Are your pictures coming out too blue or orange? It's time to learn how to set your White Balance.


Today's Fix the Pix photos were shot with a Panasonic ZR1.

 

You've taken a shot indoors without flash, following my advice to take advantage of ambient light whenever you can, and there's a problem: All the pictures have an orange cast. Or, you shot a portrait in open shade, following my advice to avoid harsh shadow-producing sunlight, but everything looks sickly blue. In both cases, you can greatly improve the color by adjusting your camera's White Balance (WB) setting.

Oops, forgot to change the White Balance! I shot this portrait of my daughter at Rutgers Gardens in New Brunswick, NJ, right after taking some pictures indoors with the white balance on the incandescent bulb setting. I forgot to switch it to daylight, and the resulting shot has an overall blue tint.
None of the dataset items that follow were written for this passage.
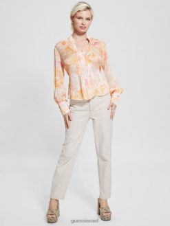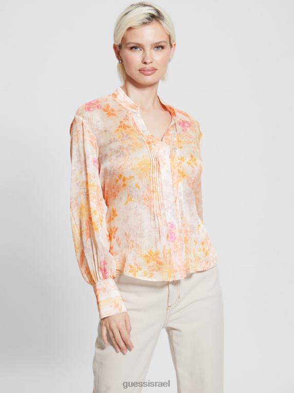 GUESS נשים חלק עליון אקו מוניקה שיפון עם שרוולים ארוכים F8RV1122 לבוש פריחת מנדרינה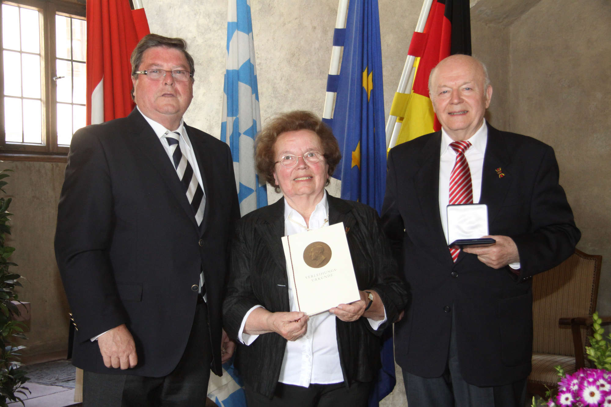 V.l.: Zweiter Bürgermeister Dr. Adolf Bauer, Heimatkreisbetreuerin Christel Demel und Alfred Sykora, der mit der Rudolf-Lodgman-Plakette geehrt wurde. Foto: Matthias Demel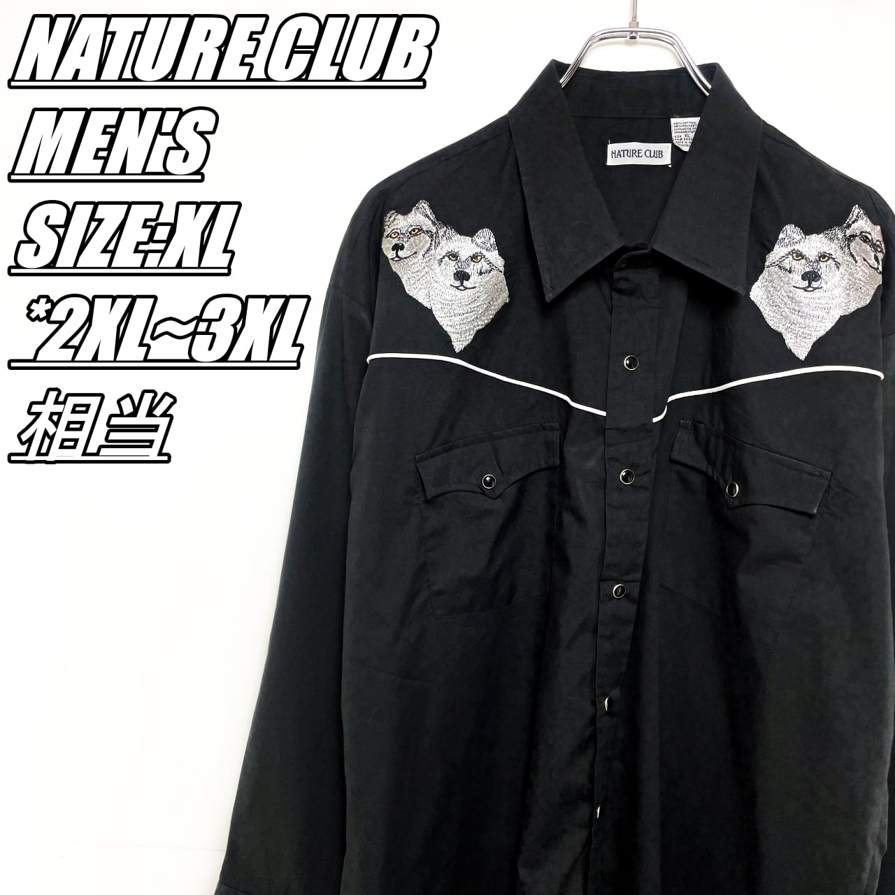 NATURE CLUB ネイチャークラブ オオカミ刺? ウエスタンシャツ メンズ サイズ表記XL 2XL~3XL相当 ブラック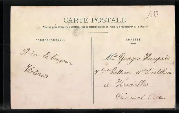Personenbezogene Daten auf der Rückseite der Karte wurden durch blauen Textmarker unkenntlich gemacht. Die blauen Stellen sind auf die Vorderseite durchgeweicht und wirken sich negativ auf das Postkartenfoto aus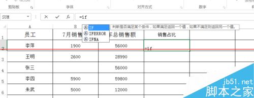 2、将光标定位在结果输出的单元格上,在编辑栏中输入 =if,会提示if函数的含义,如果符合条件会返回一个值,若不符合则返回另一个值。此处的实例想要7月有销售额时输出占比,若没有则返回空值。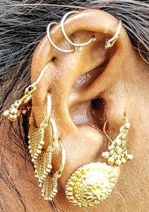 Many of these passengers in rural areas wore traditional costumes typical of the area where they lived. In Saurashtra, many of the women wore tight fitting backless choli (blouse), which are covered by shawls that fly about as draughts are created by the moving bus. Their ears are often festooned with weighty and often complicated solid gold jewellery. They are usually heavily tattooed, with tattoos placed on all parts the body that were visible.

Cameras are balanced for daylight. Auto WB, which is the default setting, is designed to recognize when the light is something other than daylight and make the necessary adjustments, but this doesn't always work out. If you check your results on your LCD monitor and see that the color is wrong, you can manually override the automation and choose the most appropriate WB setting.

Fixed: A simple switch to auto white balance gave this shot accurate color. In most cases, auto white balance will work fine for snapshots.

Indoors, when an image is too orange or yellow, the camera hasn't compensated for the warmer light projected by incandescent light bulbs. (If the image cast appears greenish, that is caused by the cooler light projected by fluorescent bulbs.) Most digital cameras have clearly-marked WB settings: Incandescent is indicated by a standard lightbulb icon, while flourescent WB is indicated by a long, rectangular shape.

Outdoors in open shade, the wide canopy of blue sky causes a blue cast that the naked eye may not see, but the camera sensor picks up. An open shade WB setting will easily fix this. But if, as I did, you accidentally shot outdoors in open shade while your camera is set to indoor/bulb, the blue will be exaggerated.

Well, what about Photoshop?

“Oh, that’s OK,” you might say when you discover you messed up the white balance. “I’ll just fix it later with Auto Color Correction in Photoshop.”  Really? Let’s see how good a job that does…

I went to Photoshop Elements > Enhance > Auto Color Correction and got this "corrected" version. Compare this to the before-and-after shots above. Yes, you can probably eventually get the color more or less correct, but this will require more work and waste your valuable time. Still think Photoshop is a good idea here?